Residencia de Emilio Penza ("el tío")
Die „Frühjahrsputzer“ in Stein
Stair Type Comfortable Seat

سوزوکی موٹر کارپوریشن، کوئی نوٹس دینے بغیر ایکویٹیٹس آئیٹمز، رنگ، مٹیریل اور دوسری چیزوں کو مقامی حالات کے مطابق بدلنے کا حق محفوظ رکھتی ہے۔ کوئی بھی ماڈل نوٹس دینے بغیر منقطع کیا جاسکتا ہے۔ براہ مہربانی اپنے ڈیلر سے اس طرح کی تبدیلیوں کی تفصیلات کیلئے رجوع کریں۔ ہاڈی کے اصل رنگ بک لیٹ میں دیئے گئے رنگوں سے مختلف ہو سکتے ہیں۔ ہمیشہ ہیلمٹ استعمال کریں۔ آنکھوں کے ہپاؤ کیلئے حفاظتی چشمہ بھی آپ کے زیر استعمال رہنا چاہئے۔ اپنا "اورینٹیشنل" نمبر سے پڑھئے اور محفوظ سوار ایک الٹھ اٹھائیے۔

* * *

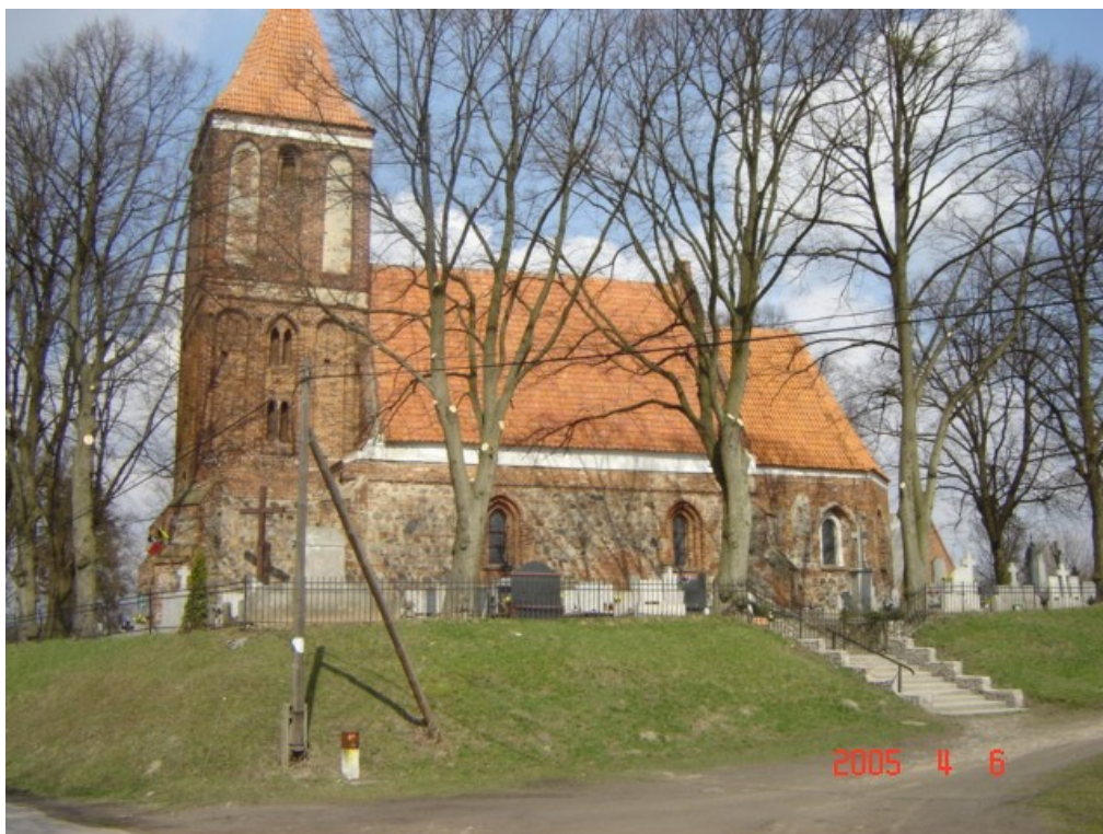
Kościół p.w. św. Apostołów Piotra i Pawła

* * *

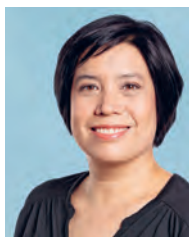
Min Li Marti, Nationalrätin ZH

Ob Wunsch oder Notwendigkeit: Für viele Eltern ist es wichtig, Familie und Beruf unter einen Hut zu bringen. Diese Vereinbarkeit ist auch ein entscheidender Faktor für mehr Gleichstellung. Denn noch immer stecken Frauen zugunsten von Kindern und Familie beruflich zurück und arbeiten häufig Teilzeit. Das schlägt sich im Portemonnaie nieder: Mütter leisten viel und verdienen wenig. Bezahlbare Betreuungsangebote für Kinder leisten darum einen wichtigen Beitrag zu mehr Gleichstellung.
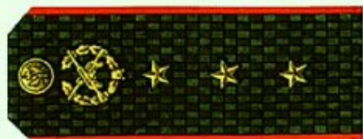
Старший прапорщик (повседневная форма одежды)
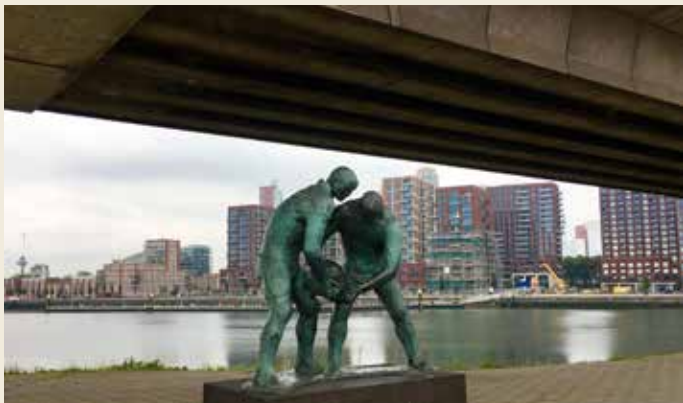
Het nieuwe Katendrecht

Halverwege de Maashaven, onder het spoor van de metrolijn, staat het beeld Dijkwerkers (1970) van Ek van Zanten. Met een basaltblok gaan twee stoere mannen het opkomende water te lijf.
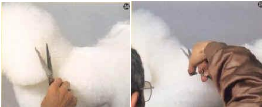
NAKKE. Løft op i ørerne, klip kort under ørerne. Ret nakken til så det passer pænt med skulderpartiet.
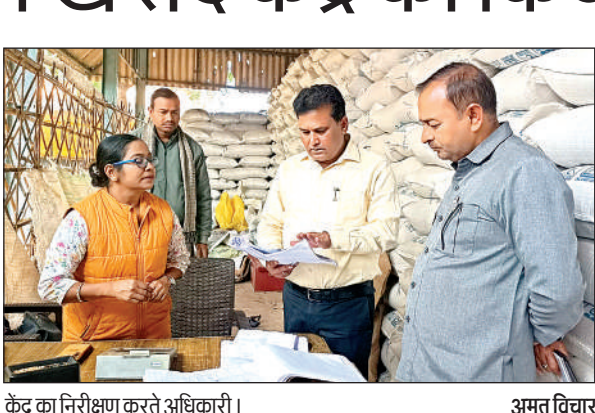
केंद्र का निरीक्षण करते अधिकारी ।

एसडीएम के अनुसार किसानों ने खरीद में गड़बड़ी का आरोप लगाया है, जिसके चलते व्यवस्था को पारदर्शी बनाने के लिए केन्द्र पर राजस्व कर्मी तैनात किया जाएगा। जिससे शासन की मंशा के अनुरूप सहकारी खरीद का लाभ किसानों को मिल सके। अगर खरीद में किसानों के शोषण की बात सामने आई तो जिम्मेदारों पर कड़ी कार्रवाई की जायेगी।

Exercise:
From the records above, quote only the lines running from the line with "Residencia de Emilio" to the line with "سوزوکی موٹر کارپوریشن،", both lines included.

Answer to the problem:
Residencia de Emilio Penza ("el tío")
Die „Frühjahrsputzer“ in Stein
Stair Type Comfortable Seat

سوزوکی موٹر کارپوریشن، کوئی نوٹس دینے بغیر ایکویٹیٹس آئیٹمز، رنگ، مٹیریل اور دوسری چیزوں کو مقامی حالات کے مطابق بدلنے کا حق محفوظ رکھتی ہے۔ کوئی بھی ماڈل نوٹس دینے بغیر منقطع کیا جاسکتا ہے۔ براہ مہربانی اپنے ڈیلر سے اس طرح کی تبدیلیوں کی تفصیلات کیلئے رجوع کریں۔ ہاڈی کے اصل رنگ بک لیٹ میں دیئے گئے رنگوں سے مختلف ہو سکتے ہیں۔ ہمیشہ ہیلمٹ استعمال کریں۔ آنکھوں کے ہپاؤ کیلئے حفاظتی چشمہ بھی آپ کے زیر استعمال رہنا چاہئے۔ اپنا "اورینٹیشنل" نمبر سے پڑھئے اور محفوظ سوار ایک الٹھ اٹھائیے۔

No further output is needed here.